Многие друзья Пикассо ушли на фронт. Жорж Брак, Андре Дерен, Морис де Вламинк... Даже поэт Гийом Аполлинер (Вильгельм Костровицкий), который не подлежал мобилизации, «добровольцем явился на пункт городской» и стал одним из «новобранцев, утративших имя». Он встретил войну с восторгом, стремясь доказать, что является не польским эмигрантом, а настоящим французом. Все были уверены в том, что в такой момент отсиживаться дома недостойно мужчины.
Жан-Поль Креспель продолжает свой рассказ:
«В течение двух дней, предшествовавших началу военных действий, монпарнасские улицы походили на развороченный муравейник. Люди, словно обезумев, метались во всех направлениях.

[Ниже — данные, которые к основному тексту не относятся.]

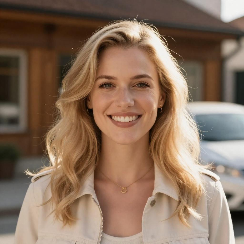 Photograph of a smiling blonde woman with wavy hair, wearing a light-colored jacket. Background includes a blurred wooden building and a white car. Sunlight illuminates her face and hair. She is centered, facing forward.

Уже утром 30 июля стало ясно, что конфликт неизбежен. Перед продуктовыми магазинами образовались огромные очереди. Повинуясь древнему инстинкту, люди торопились сделать запасы: ходили слухи, что в лавках не будет продуктов [...] Точно так же осаждали банки и сберегательные кассы, срочно изымая вклады.
Волнение достигло апогея в субботу 1 августа, когда на стенах государственных учреждений появились первые объявления о всеобщей мобилизации [...] Разом опустели все мастерские и дома, толпа художников прихлынула к перекрестку Вавен, словно кровь к сердцу [...] Писатели и поэты давали себе отчет в трагизме наступающих событий. Кроме какого- нибудь Рене Дализа, насмешливо восклицавшего:
«Больше всего я опасаюсь сквозняков...» (он будет разорван снарядом), многие предчувствовали надвигающийся кошмар. Старая женщина, за несколько су читавшая по линиям руки судьбы посетителей, отказывалась говорить уезжавшим то, что видела на их ладонях [...]
2 августа психоз продолжал нарастать. Париж лихорадило, стояла изнурительная жара. Оправдывая пророчества тех, кто накануне грабил склады, в магазинах опустили жалюзи. Огромное скопление народа на улицах создавало впечатление, что в ту ночь никто не спал. Социальные барьеры рухнули, незнакомые люди запросто заговаривали друг с другом; все смешались в едином безудержном порыве. На бульваре Монпарнас толпа неистово приветствовала 11-й и 12-й полки кирасиров из Военной школы, 23- й колониальный полк из Лурсинской казармы и 102-й линейный из казармы Бабилон. С оркестром во главе и развернутыми знаменами они маршировали к Восточному вокзалу, сопровождаемые огромной толпой мужчин и женщин, кричащих одно и тоже: «На Берлин!» Безумно возбужденные женщины целовали солдат и осыпали их цветами. Стараясь не отставать, они шли за солдатами широким шагом, уродливо-комичные в своих зауженных юбках [...] Илья Оренбург, живший в отеле «Ницца», вспоминал, как в ту ночь толпы людей нескончаемым потоком проходили под его окнами по бульвару Монпарнас. А утром хозяин гостиницы попрощался с постояльцами, в большинстве иностранцами: он отправлялся на фронт. Запинаясь от волнения, он наказал жене не требовать плату за жилье с иностранцев до тех пор, пока не кончится война. Правда, все поголовно пребывали в уверенности, что это - дело нескольких дней [...]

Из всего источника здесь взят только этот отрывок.